Ellicott Street is a hustling and bustling thoroughfare in downtown Buffalo. It's now the home "The Space Between."

"This was the final piece of the puzzle for the Arts Collaboratory was having an experimental arts incubator in the city that could bring people together," Bronwyn Keenan, director for the UB Arts Collaboratory, said. 

The location at 431 Ellicott, has a significant meaning. Keenan, explains why. 

"We are located between the East and West Sides," Keenan said. "Both Aaron and I, our objective is to breakdown that line, eliminate that red line."  

She's referring to Aaron Bartley. He's the owner of Fitz Books. A co-creator of PUSH Buffalo, Bartley has a deep understanding of social and economic issues in Buffalo. His new mission is to educate the Queen City through literature. And The Collaboratory's effort to desegregate Buffalo's artistic community is the perfect fit. 

"Books and art go together when it comes to building conversations around big issues," Bartley said. 

On display right now is Victoria-Idongesit Udondian's piece.

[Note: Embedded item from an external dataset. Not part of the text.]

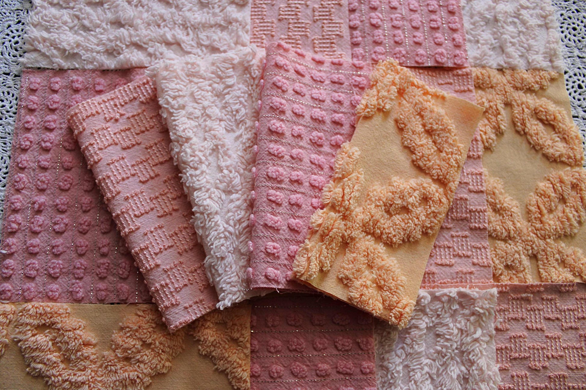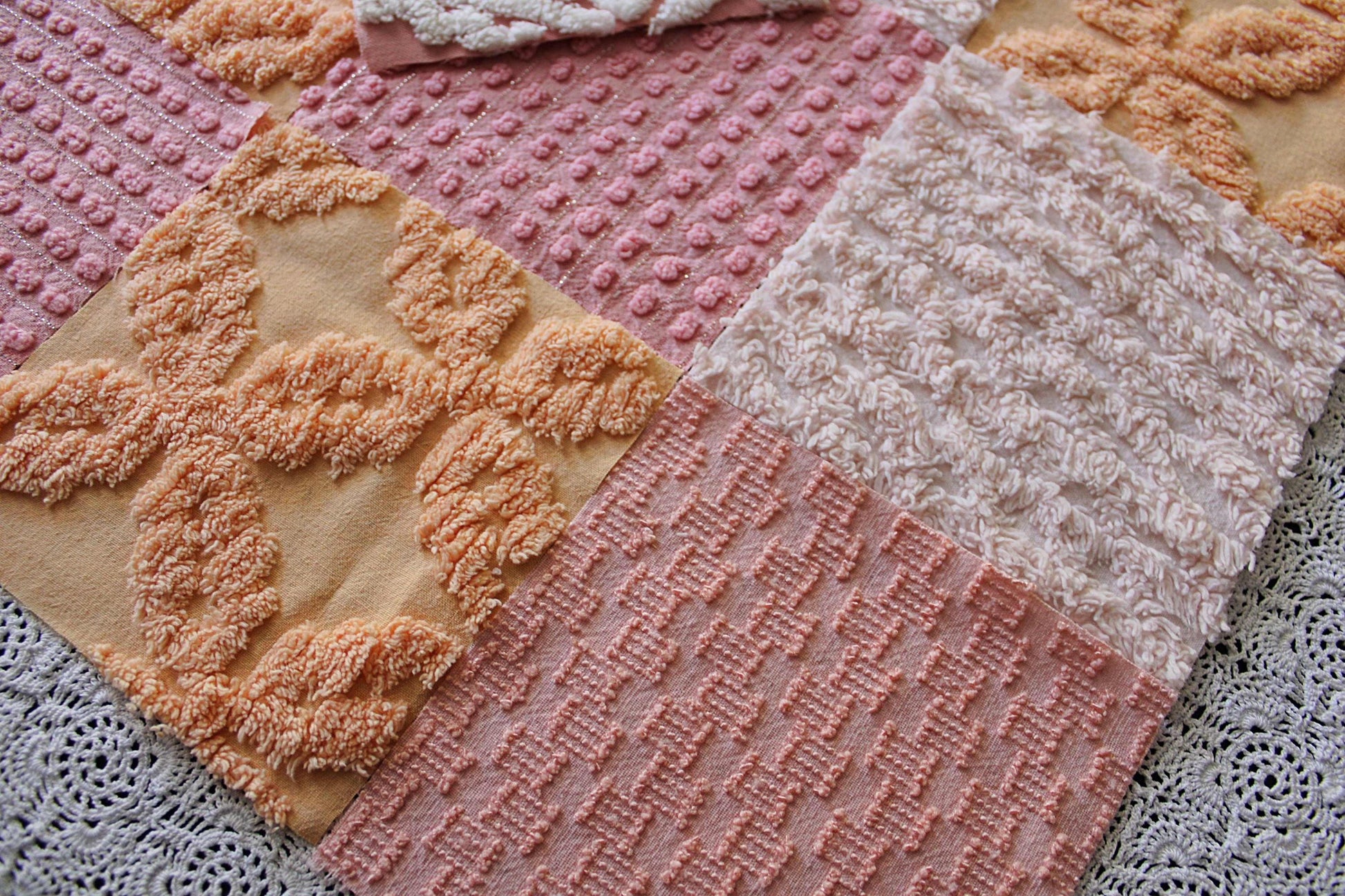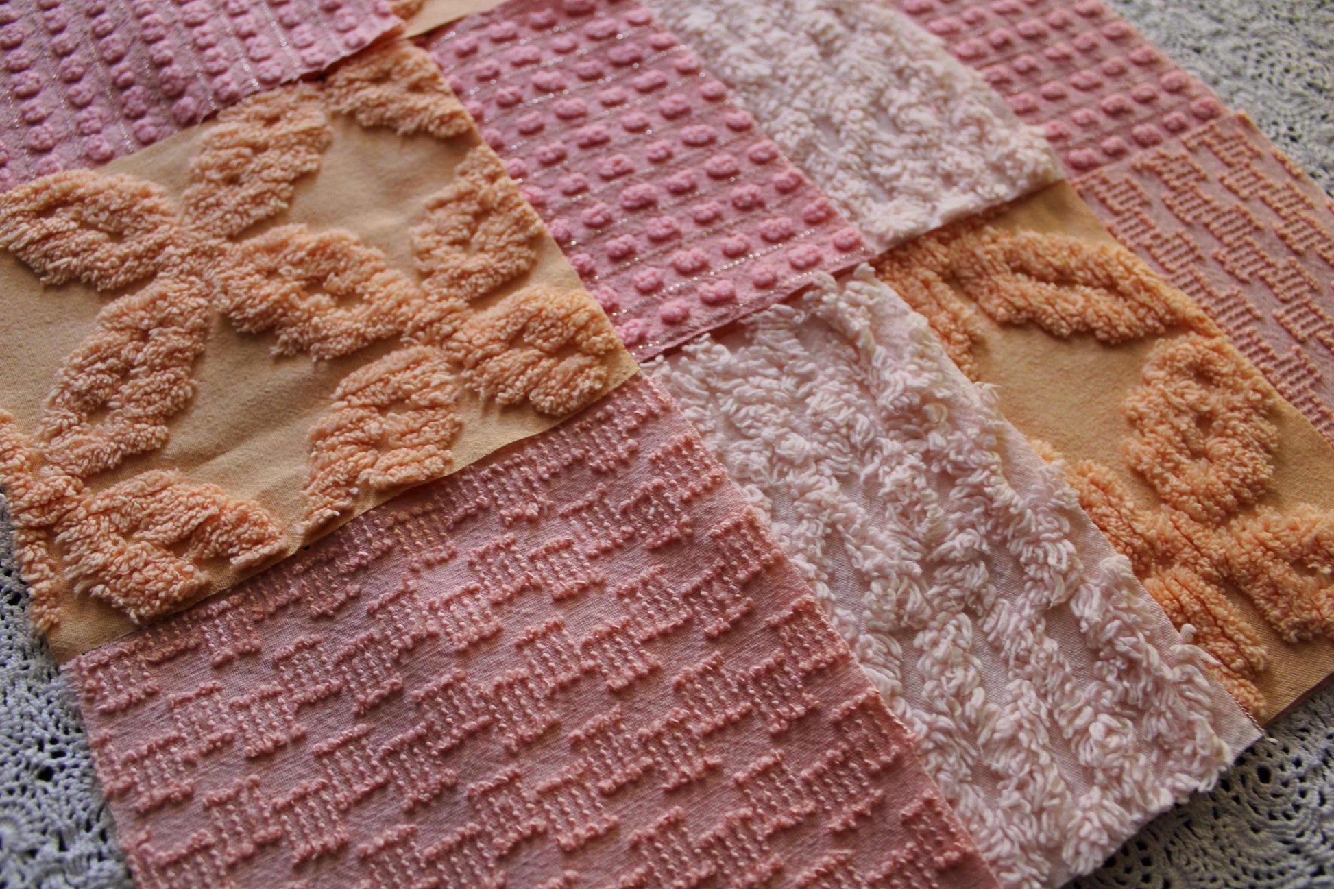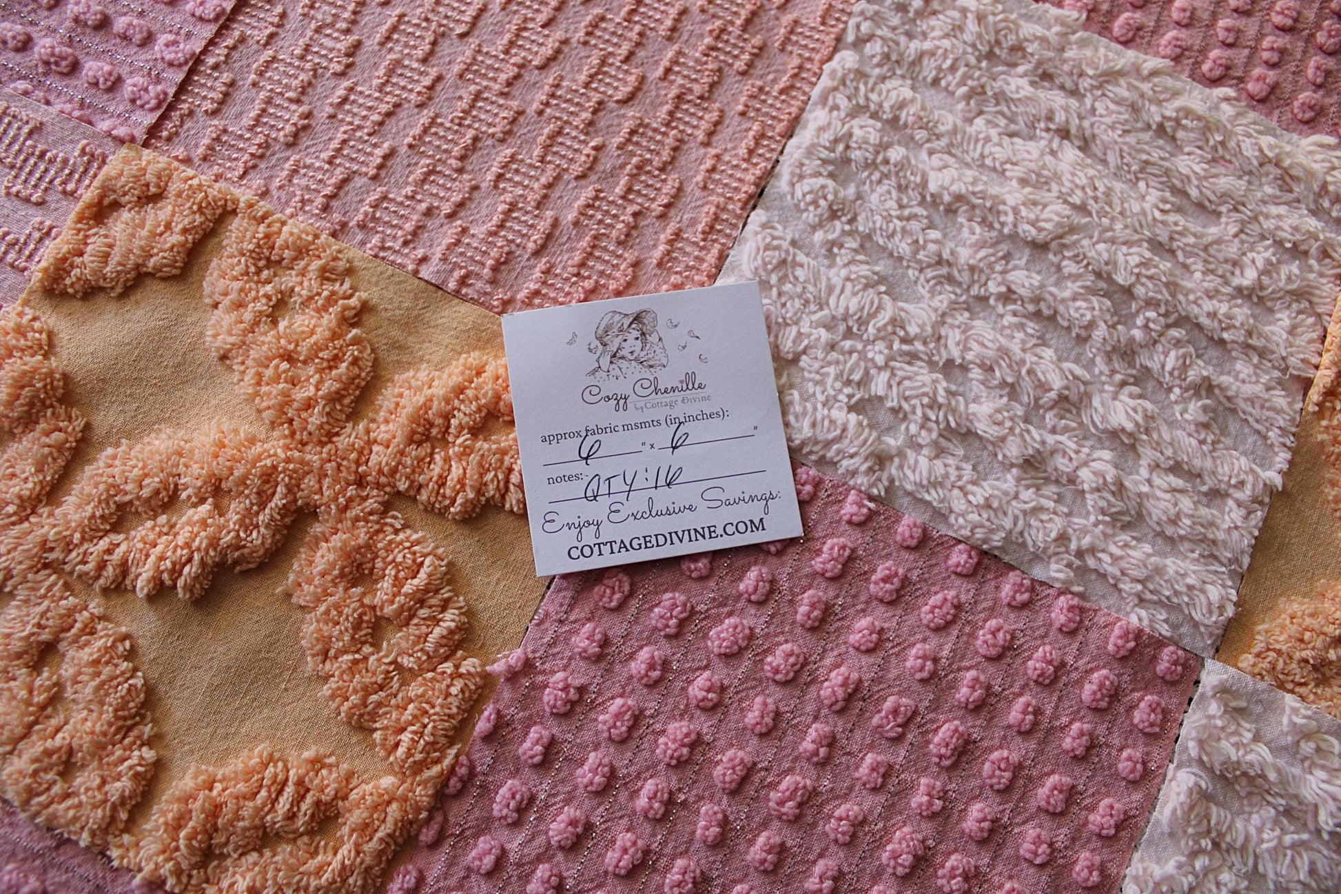 Peach Nectar... A selection of chenille fabric craft squares in shades of radiant peach with a hint of rose to evoke warmth, calm & comfort.Includes 4 of each pattern: tiny ripe peach "tempo tuft," soft iced peach lattice, rose pops with shimmer & geometric peach floral wedge. Such a lovely set to inspire or enhance your creative design.

Currently, she's a UB Center for Diversity Innovation Distinguished Visiting Scholar. She's from Nigeria and started her project The Republic of Unknown Territory while going through the Naturalization process. 

"The bureaucratic process of that was very frustrating, one of the ways of dealing with that was channeling it into an artistic project," Udondian explained.  

The piece is a work in progress, with it's final display space in NYC next year. During her time in Buffalo, Udondian has been casting hands of immigrants and first generation Americans, while documenting their stories. 

"There’s a lot of absence in the space even with the install I have behind me. But, that absence also resembles the people who never make it through the journey," Udondian said. 

It's starting a conversation and raising awareness that dates back well beyond the walls of this early 1900's building. The hope is that will make a better future for all of Buffalo and beyond. 

"We're showing process and we are inviting the audience in to engage with the artist and creative people, and the impact of those conversations, that diolgue is so important not only for the audience, but also the artist," Keenan said.